▶ _PROVIDED MATERIAL_

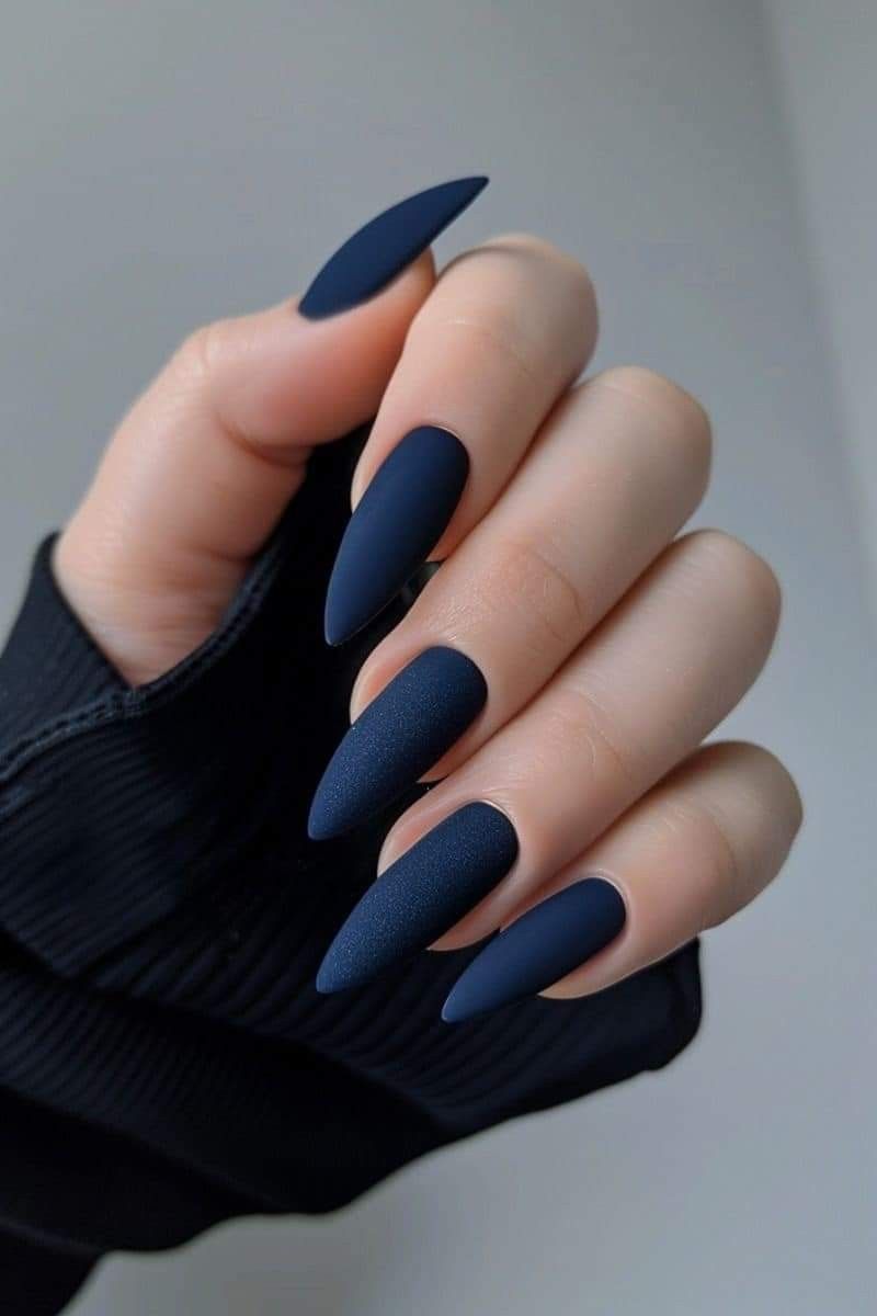 A deep, simple navy brought to life in a matte finish — this acrylic almond look is quiet luxury at its finest. The texture adds a layer of sophistication, while the elongated tip makes it undeniably chic. Ideal for colder months, evening outings, and anyone craving dark tones that aren’t black.
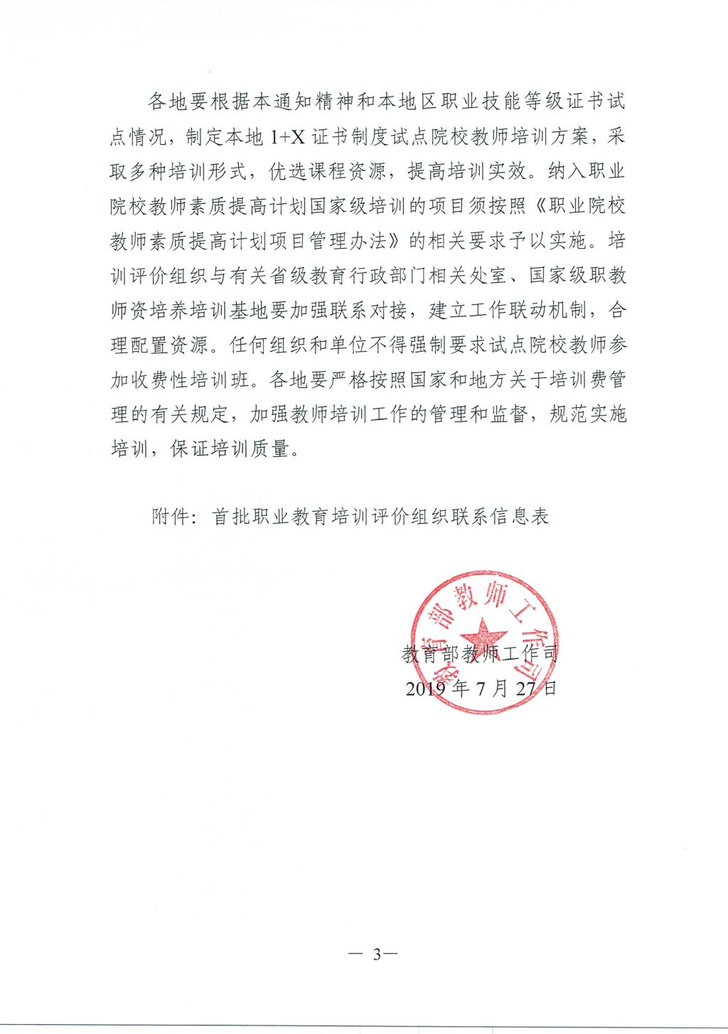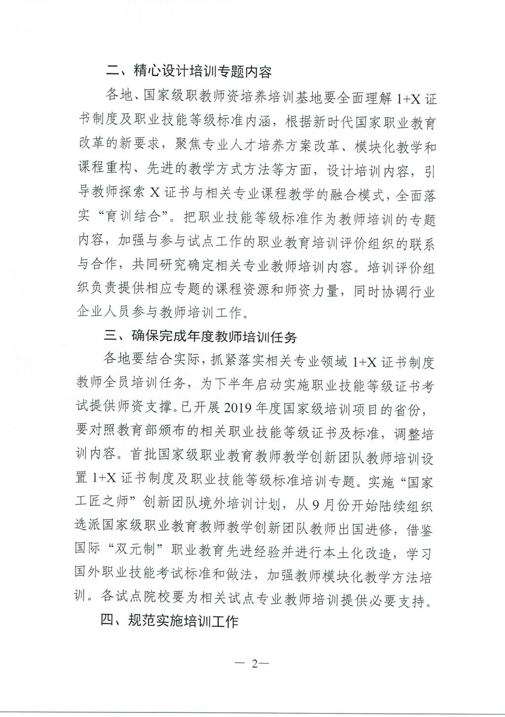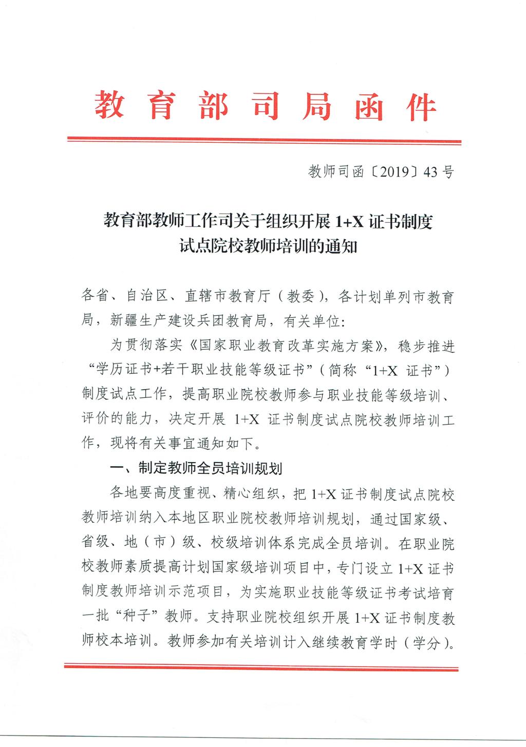 教育部教师工作司关于组织开展1+X证书制度试点院校教师培训的通知
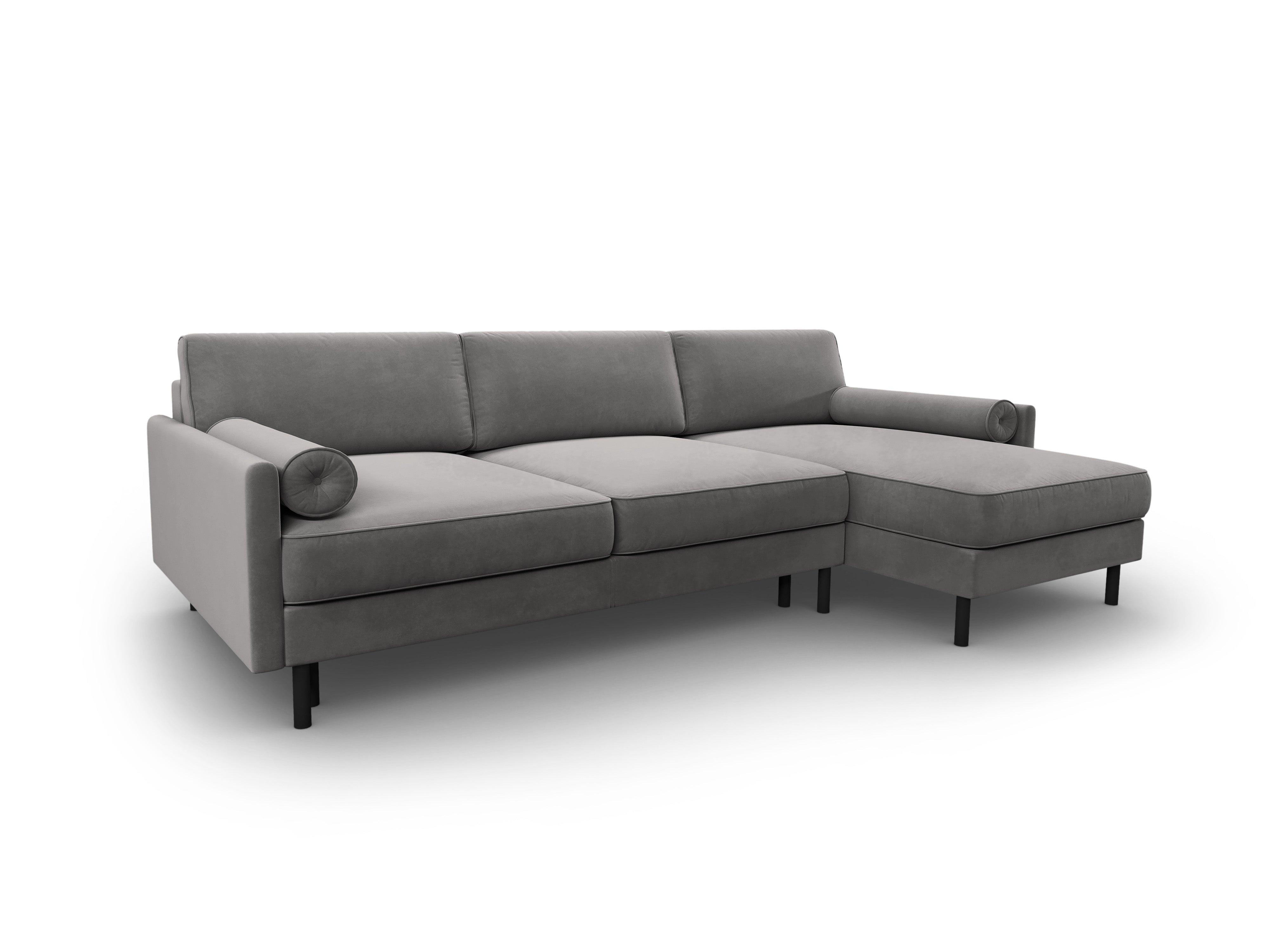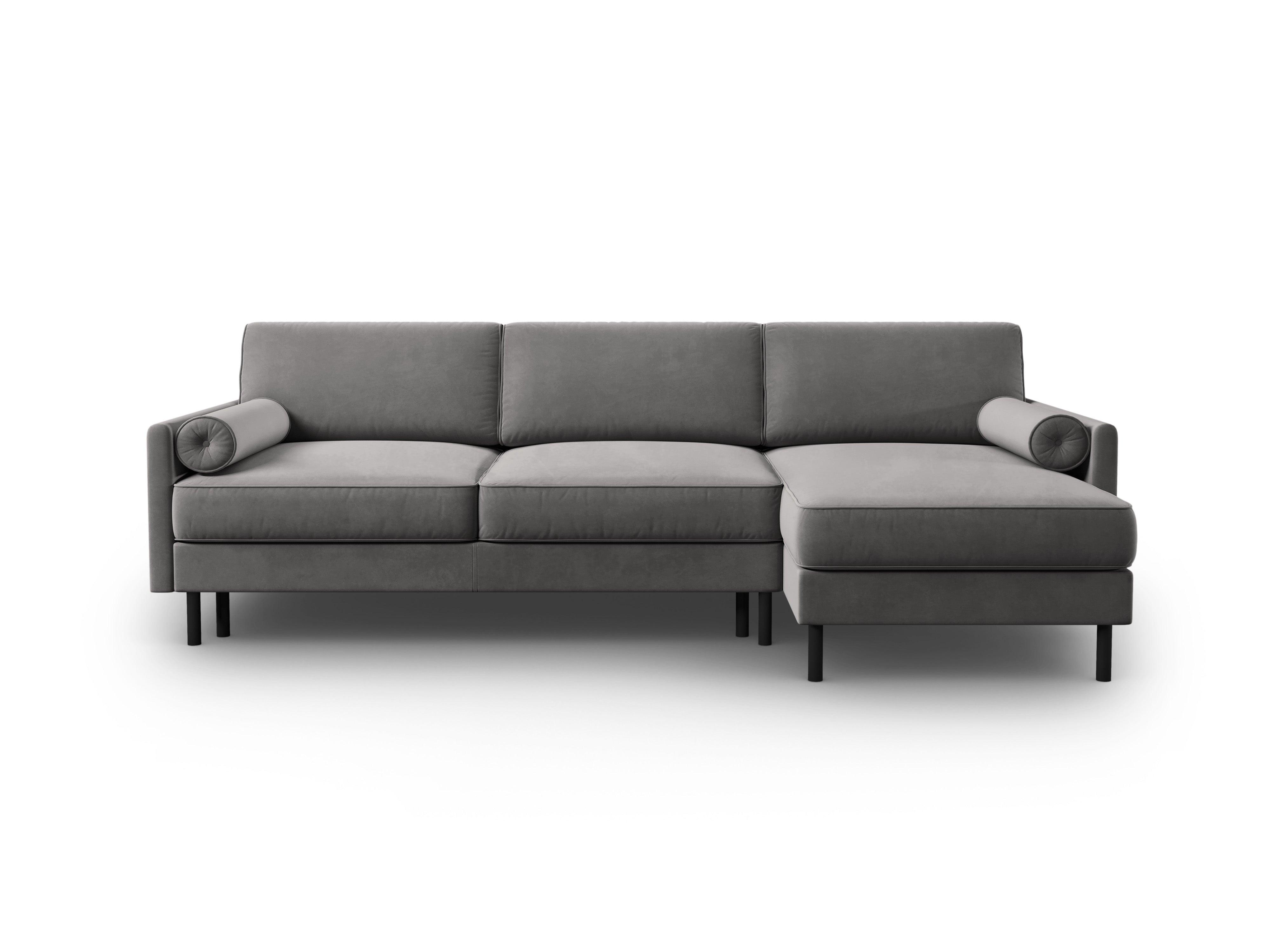 Ecksofa Scott ist ein ausziehbares Sofa für fünf Personen, ideal für Familien und Personen, die ein bequemes und stilvolles Möbelstück für ihr Zuhause suchen. Das Ecksofa ist in eleganten Farben erhältlich und mit schwarzen Metallbeinen ausgestattet, die ihm einen modernen Charakter verleihen. Kunden haben die Möglichkeit, die Seite des Ausziehens des Sofas zu wählen, sodass sie es an ihre Bedürfnisse und die Anordnung im Raum anpassen können.

▶ _ASSIGNMENT_
Every line of the data above is to be repeated exactly; the images are to be left out.

▶ _YOUR RESPONSE_
 A deep, simple navy brought to life in a matte finish — this acrylic almond look is quiet luxury at its finest. The texture adds a layer of sophistication, while the elongated tip makes it undeniably chic. Ideal for colder months, evening outings, and anyone craving dark tones that aren’t black.
 教育部教师工作司关于组织开展1+X证书制度试点院校教师培训的通知
 Ecksofa Scott ist ein ausziehbares Sofa für fünf Personen, ideal für Familien und Personen, die ein bequemes und stilvolles Möbelstück für ihr Zuhause suchen. Das Ecksofa ist in eleganten Farben erhältlich und mit schwarzen Metallbeinen ausgestattet, die ihm einen modernen Charakter verleihen. Kunden haben die Möglichkeit, die Seite des Ausziehens des Sofas zu wählen, sodass sie es an ihre Bedürfnisse und die Anordnung im Raum anpassen können.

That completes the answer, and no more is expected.